Larry Bache and I have many cases in Nebraska where we represent a contractor with assignments of insurance claims from homeowners. These assignments were made after a hail loss. The policyholder assigned his rights to the insurance claim to the roofing contractor working on his property. Most insurance policies contain what is called an anti-assignment clause, which forbids the policyholder from assigning rights and duties in the policy to anyone else without the insurance carrier’s consent. In Nebraska the insurance companies have steadily argued that our client’s claims are not valid because they were assigned without the insurance companies’ consent.
The Nebraska Supreme Court recently held that post-loss assignments of claims are valid in Nebraska regardless of any anti-assignment clause.1
In Millard Gutter the policy stated:
- All rights and duties under this policy may not be assigned without our written consent.
- No change of interest in this policy is effective unless we consent in writing.
A homeowner was insured with Farm Bureau. A hail storm damaged the home. Millard Gutter was hired to repair the house. The policyholder assigned his right to Millard Gutter in an “Assignment of Claim,” which provided the policyholder assigned to Millard Gutter “any and all moneys due or to become due.” Farm Bureau argued that the assignment was invalid because Farm Bureau did not consent to the assignment as per the anti-assignment clause. Farm Bureau also argued that as assignee Millard Gutter was not the real party in interest and had no privity of contract with Farm Bureau.

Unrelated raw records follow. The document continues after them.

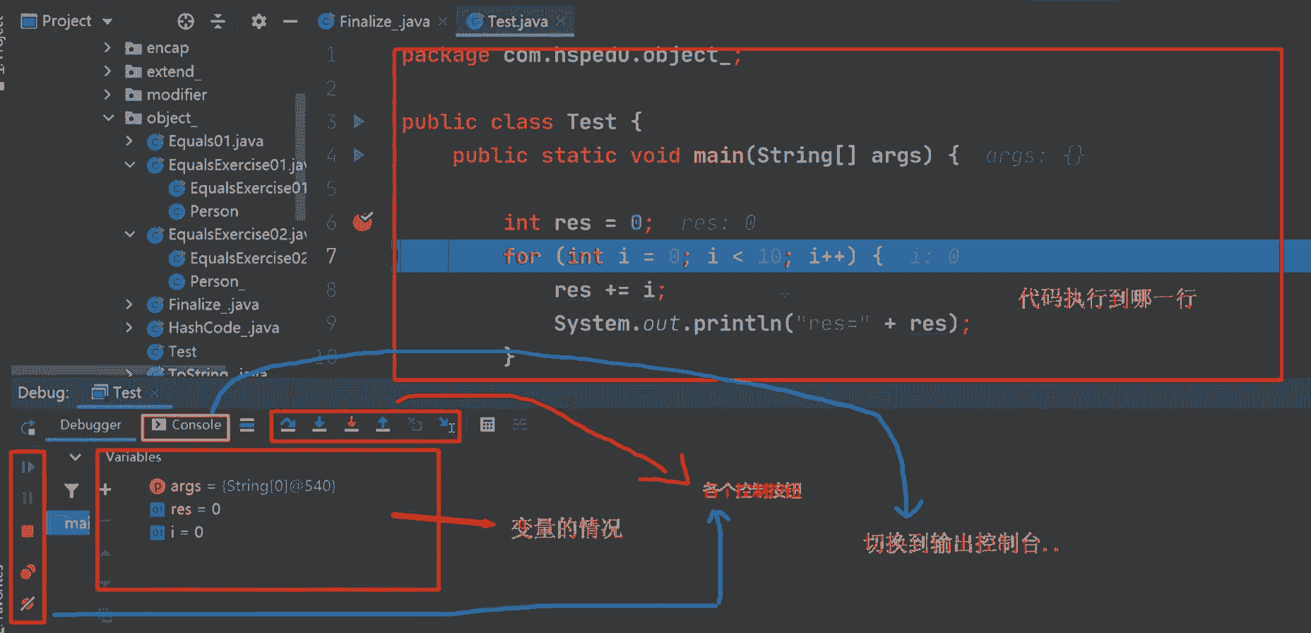 - 断点调试是指在程序中的某行代码中设置一个断点,然后在调试的时候,程序运行到该断点时就会停止,可以自己一步一步的调试代码,调试过程中可以看到各个变量当前的值,如果在调试过程中发现错误的代码,则程序会立即显示当前代码的错误,然后停下来,我们则可以通过程序提供的错误信息对代码的Bug进行分析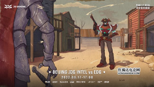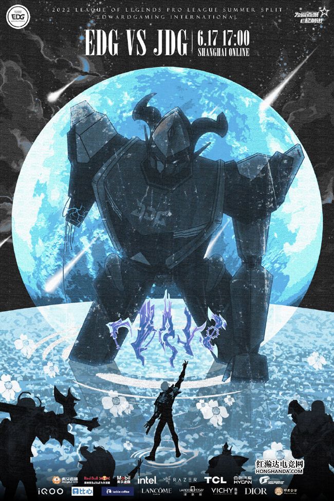 JDG的海报标题为“电光火石”,海报延续了前两场的美国西部片风格——代表JDG的“机甲牛仔”和EDG骑士上演了西部片中的经典要素“牛仔对决”,骑士的冷兵器在激光枪面前不堪一击,电光火石之间就决出了胜负。Hope将在本场直面老东家,哪支队伍能拿下三连胜呢?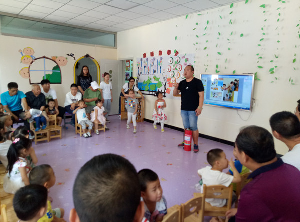 活動伊始,志愿者2016級會電3班的郭雅杰同學向小朋友及家長講解了幼兒在家庭和戶外方面的安全常識,并使用多媒體電視播放了自己制作的安全教育PPT,通過圖片、視頻的展示向小朋友們示范了如何防范火災、走失、溺水、地震等方面的安全問題。之后,王亞君老師補充講解了火災逃生和滅火器使用的問題和方法。

The Nebraska Supreme Court conducted and exhaustive survey how other state and federal courts dealt with post-loss assignments with policies containing an anti-assignment clause. A majority of state courts hold that post-loss assignments are valid and do not violate the anti-assignment clause.
Antiassignment clauses in insurance policies are strictly enforced against attempted transfers of the policy itself before a loss has occurred, because this type of assignment involves a transfer of the contractual relationship and, in most cases, would materially increase the risk to the insurer. Policy provisions that require the company’s consent for an assignment of rights are generally enforceable only before a loss occurs, however. As a general principle, a clause restricting assignment does not in any way limit the policyholder’s power to make an assignment of the rights under the policy—consisting of the right to receive the proceeds of the policy—after a loss has occurred. The reasoning here is that once a loss occurs, an assignment of the policyholder’s rights regarding that loss in no way materially increases the risk to the insurer. After a loss occurs, the indemnity policy is no longer an executory contract of insurance. It is now a vested claim against the insurer and can be freely assigned or sold like any other chose in action or piece of property. *6 (Emphasis in the original)
Based on this analysis the Nebraska Supreme Court held that, absent a statute to the contrary, a post-loss assignment of a claim under an insurance policy for the policyholder’s property damage casualty loss is valid, despite a non-assignment clause. Because these types of assignments are valid, assignee contractors like Millard Gutter have standing to bring breach of contract claims and courts do not lack subject matter jurisdiction over the actions.
This is a well written opinion by the Nebraska Supreme Court and settles once and for all that in Nebraska, post-loss assignment of claims to contractors are valid and enforceable.
1 Millard Gutter Co. v. Farm Bureau Prop. & Cas. Ins. Co., 295 Neb. 419 (Neb., 2016).